• [RECORDS SHOWN]:
□ □ □ □ □
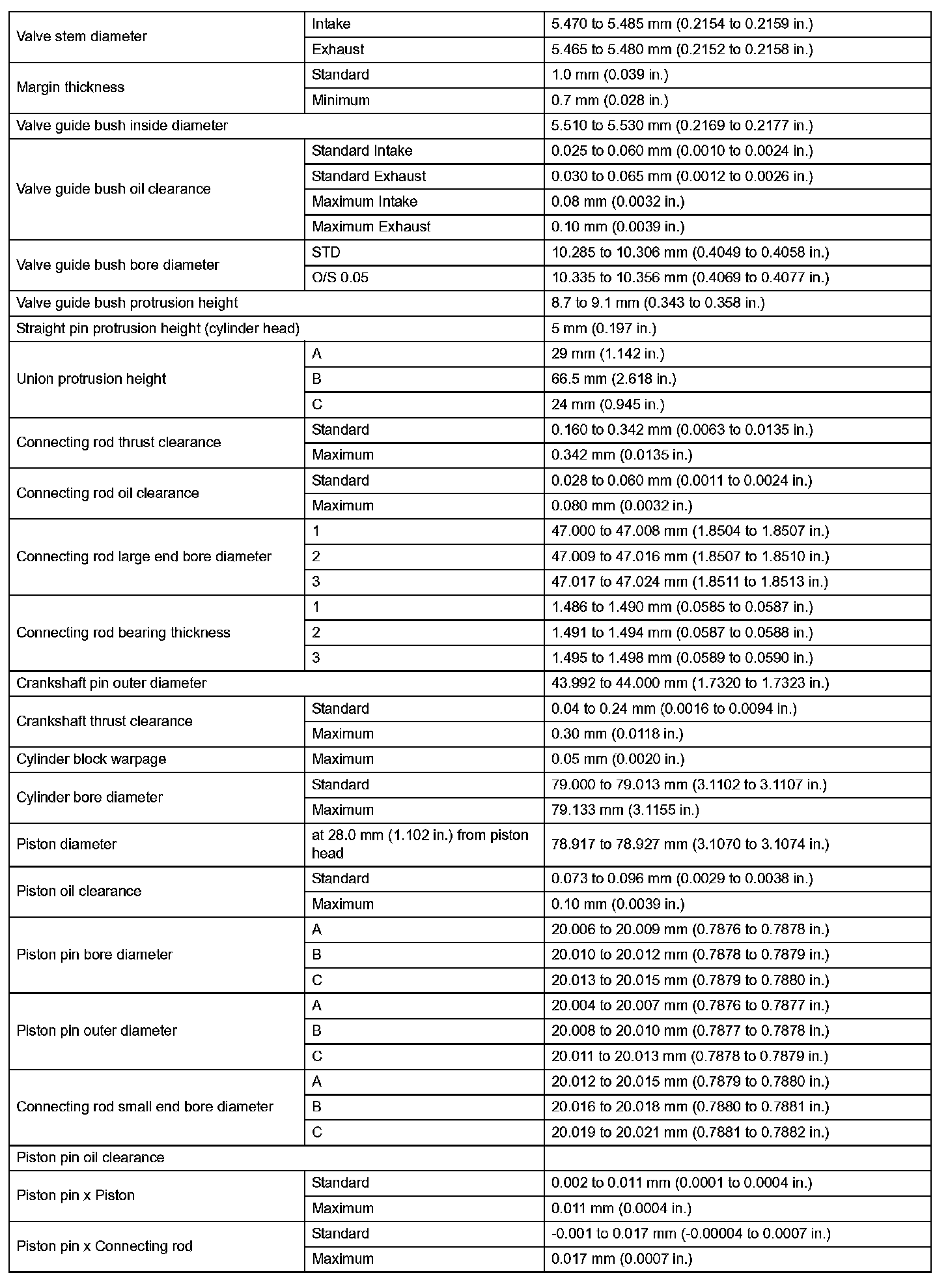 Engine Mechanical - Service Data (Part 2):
□ □ □ □ □
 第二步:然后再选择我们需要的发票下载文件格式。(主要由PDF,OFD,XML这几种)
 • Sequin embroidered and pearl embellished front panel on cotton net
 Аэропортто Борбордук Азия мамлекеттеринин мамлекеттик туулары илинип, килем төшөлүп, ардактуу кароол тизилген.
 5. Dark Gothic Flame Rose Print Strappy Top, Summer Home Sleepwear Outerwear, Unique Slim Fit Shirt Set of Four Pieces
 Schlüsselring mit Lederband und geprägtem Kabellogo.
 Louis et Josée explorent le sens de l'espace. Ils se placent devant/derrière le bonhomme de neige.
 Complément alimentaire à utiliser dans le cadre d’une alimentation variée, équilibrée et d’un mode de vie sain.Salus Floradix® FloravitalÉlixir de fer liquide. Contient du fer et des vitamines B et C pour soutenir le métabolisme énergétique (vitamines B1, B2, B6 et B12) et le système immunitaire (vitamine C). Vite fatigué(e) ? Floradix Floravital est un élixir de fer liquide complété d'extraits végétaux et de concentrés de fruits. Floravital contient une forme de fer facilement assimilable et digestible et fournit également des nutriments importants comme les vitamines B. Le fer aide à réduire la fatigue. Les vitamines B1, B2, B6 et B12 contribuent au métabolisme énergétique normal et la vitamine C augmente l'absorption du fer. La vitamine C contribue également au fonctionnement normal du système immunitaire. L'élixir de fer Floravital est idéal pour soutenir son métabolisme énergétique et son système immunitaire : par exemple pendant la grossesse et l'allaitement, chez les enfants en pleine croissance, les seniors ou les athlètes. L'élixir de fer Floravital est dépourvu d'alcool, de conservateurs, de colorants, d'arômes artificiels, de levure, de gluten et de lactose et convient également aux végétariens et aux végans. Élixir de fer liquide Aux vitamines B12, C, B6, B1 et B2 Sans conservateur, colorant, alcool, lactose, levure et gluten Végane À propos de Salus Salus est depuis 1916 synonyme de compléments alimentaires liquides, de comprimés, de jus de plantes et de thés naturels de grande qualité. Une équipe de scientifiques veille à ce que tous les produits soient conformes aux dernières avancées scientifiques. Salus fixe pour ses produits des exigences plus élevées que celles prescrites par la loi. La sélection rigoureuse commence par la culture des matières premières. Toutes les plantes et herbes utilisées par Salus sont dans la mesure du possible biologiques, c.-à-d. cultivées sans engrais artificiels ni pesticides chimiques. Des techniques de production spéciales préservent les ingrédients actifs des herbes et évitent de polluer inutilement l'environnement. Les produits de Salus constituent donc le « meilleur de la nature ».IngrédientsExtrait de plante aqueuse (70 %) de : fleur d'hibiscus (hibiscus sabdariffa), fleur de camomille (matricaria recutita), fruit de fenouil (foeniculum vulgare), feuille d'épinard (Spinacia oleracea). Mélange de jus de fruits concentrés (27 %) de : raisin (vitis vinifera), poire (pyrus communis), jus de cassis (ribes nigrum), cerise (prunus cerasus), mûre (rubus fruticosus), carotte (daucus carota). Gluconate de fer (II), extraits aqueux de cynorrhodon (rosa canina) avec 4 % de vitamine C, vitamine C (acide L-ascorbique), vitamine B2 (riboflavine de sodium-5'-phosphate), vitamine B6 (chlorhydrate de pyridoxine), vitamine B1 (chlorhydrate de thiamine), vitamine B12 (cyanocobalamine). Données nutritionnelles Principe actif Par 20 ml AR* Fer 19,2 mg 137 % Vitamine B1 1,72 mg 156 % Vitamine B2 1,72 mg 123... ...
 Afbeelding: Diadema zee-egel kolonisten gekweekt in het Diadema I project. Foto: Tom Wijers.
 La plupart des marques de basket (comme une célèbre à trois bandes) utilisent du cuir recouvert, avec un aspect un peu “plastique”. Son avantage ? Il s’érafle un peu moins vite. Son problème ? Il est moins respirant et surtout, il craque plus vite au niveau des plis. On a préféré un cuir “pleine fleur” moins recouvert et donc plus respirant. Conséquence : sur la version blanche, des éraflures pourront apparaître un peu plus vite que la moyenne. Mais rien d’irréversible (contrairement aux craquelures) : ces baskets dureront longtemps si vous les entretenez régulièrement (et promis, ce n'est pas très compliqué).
□ □ □ □ □
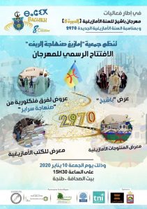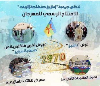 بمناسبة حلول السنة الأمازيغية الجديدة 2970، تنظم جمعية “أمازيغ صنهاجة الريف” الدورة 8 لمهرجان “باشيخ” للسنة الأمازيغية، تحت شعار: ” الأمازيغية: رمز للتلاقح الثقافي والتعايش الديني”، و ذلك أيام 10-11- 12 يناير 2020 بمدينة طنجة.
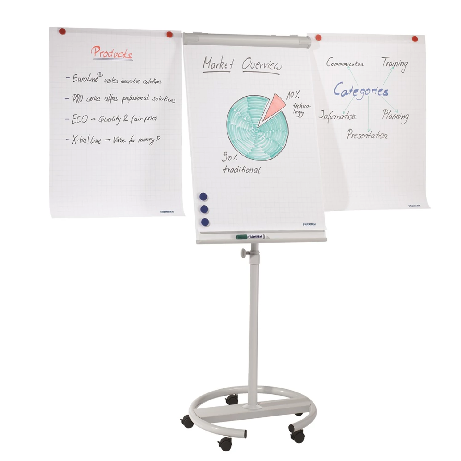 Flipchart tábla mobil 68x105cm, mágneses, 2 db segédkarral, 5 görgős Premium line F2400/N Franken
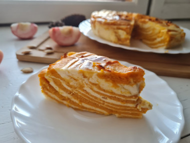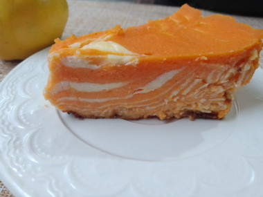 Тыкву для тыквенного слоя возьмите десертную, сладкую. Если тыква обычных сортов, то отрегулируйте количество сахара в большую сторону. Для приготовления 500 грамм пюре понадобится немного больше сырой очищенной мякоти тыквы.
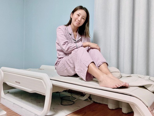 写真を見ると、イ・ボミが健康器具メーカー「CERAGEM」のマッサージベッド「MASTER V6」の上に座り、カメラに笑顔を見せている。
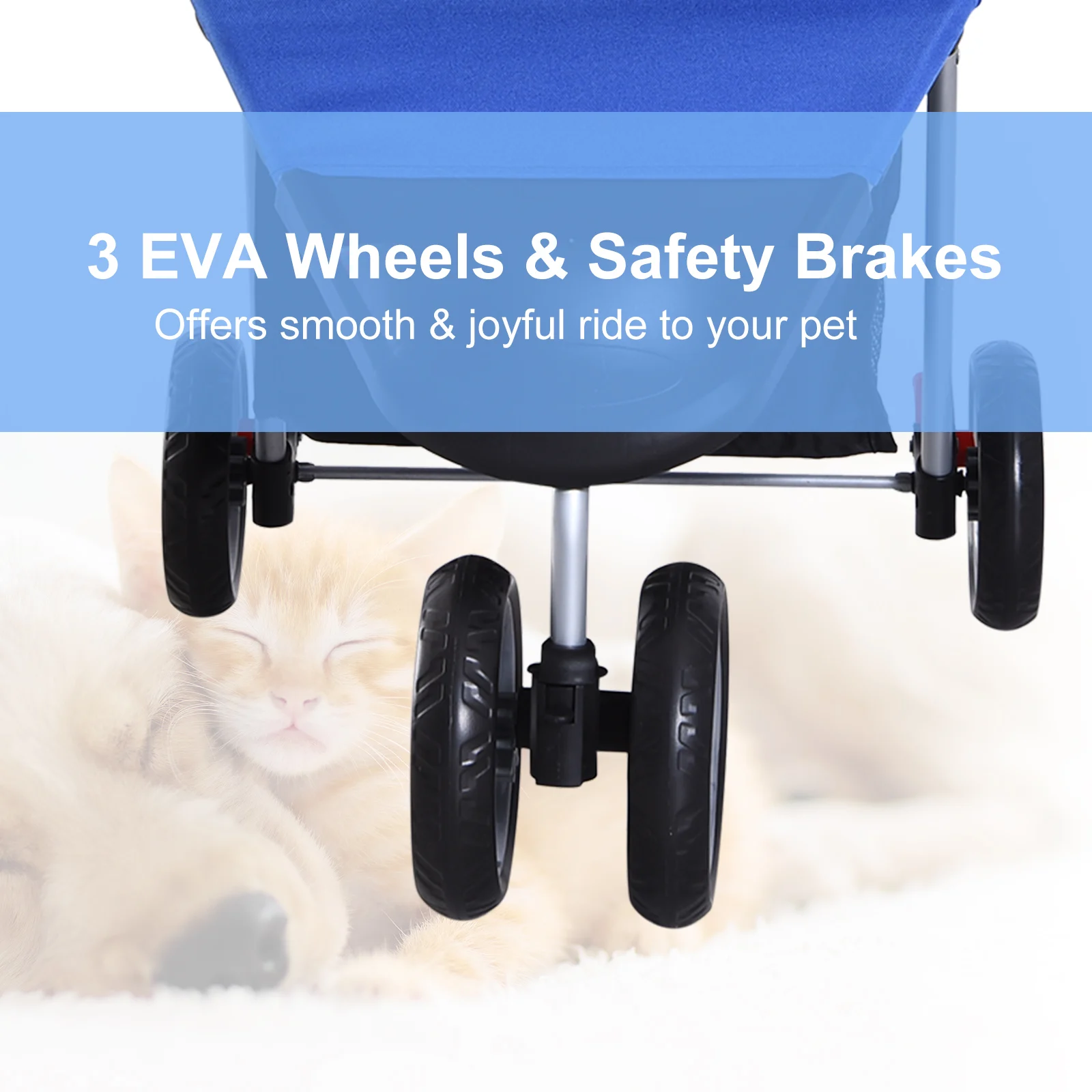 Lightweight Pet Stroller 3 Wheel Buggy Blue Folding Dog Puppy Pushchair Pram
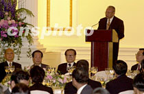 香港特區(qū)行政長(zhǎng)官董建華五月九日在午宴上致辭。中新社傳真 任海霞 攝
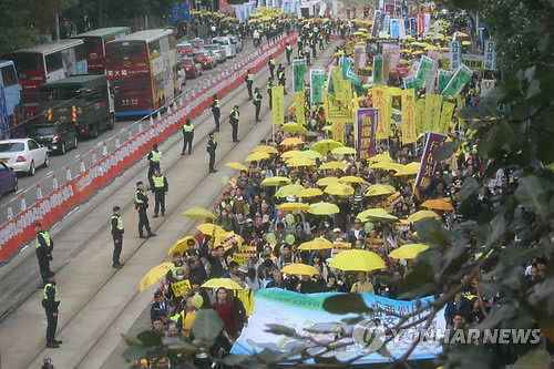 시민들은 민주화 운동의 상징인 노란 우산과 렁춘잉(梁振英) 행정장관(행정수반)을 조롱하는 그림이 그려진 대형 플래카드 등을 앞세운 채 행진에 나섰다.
□ □ □ □ □
• [EXERCISE DIRECTIONS]: Reproduce the entries exactly, from the line with "Тыкву для тыквенного" to the line with "시민들은 민주화 운동의", both lines included, keeping no pictures.

• [TASK OUTPUT]:
 Тыкву для тыквенного слоя возьмите десертную, сладкую. Если тыква обычных сортов, то отрегулируйте количество сахара в большую сторону. Для приготовления 500 грамм пюре понадобится немного больше сырой очищенной мякоти тыквы.
 写真を見ると、イ・ボミが健康器具メーカー「CERAGEM」のマッサージベッド「MASTER V6」の上に座り、カメラに笑顔を見せている。
 Lightweight Pet Stroller 3 Wheel Buggy Blue Folding Dog Puppy Pushchair Pram
 香港特區(qū)行政長(zhǎng)官董建華五月九日在午宴上致辭。中新社傳真 任海霞 攝
 시민들은 민주화 운동의 상징인 노란 우산과 렁춘잉(梁振英) 행정장관(행정수반)을 조롱하는 그림이 그려진 대형 플래카드 등을 앞세운 채 행진에 나섰다.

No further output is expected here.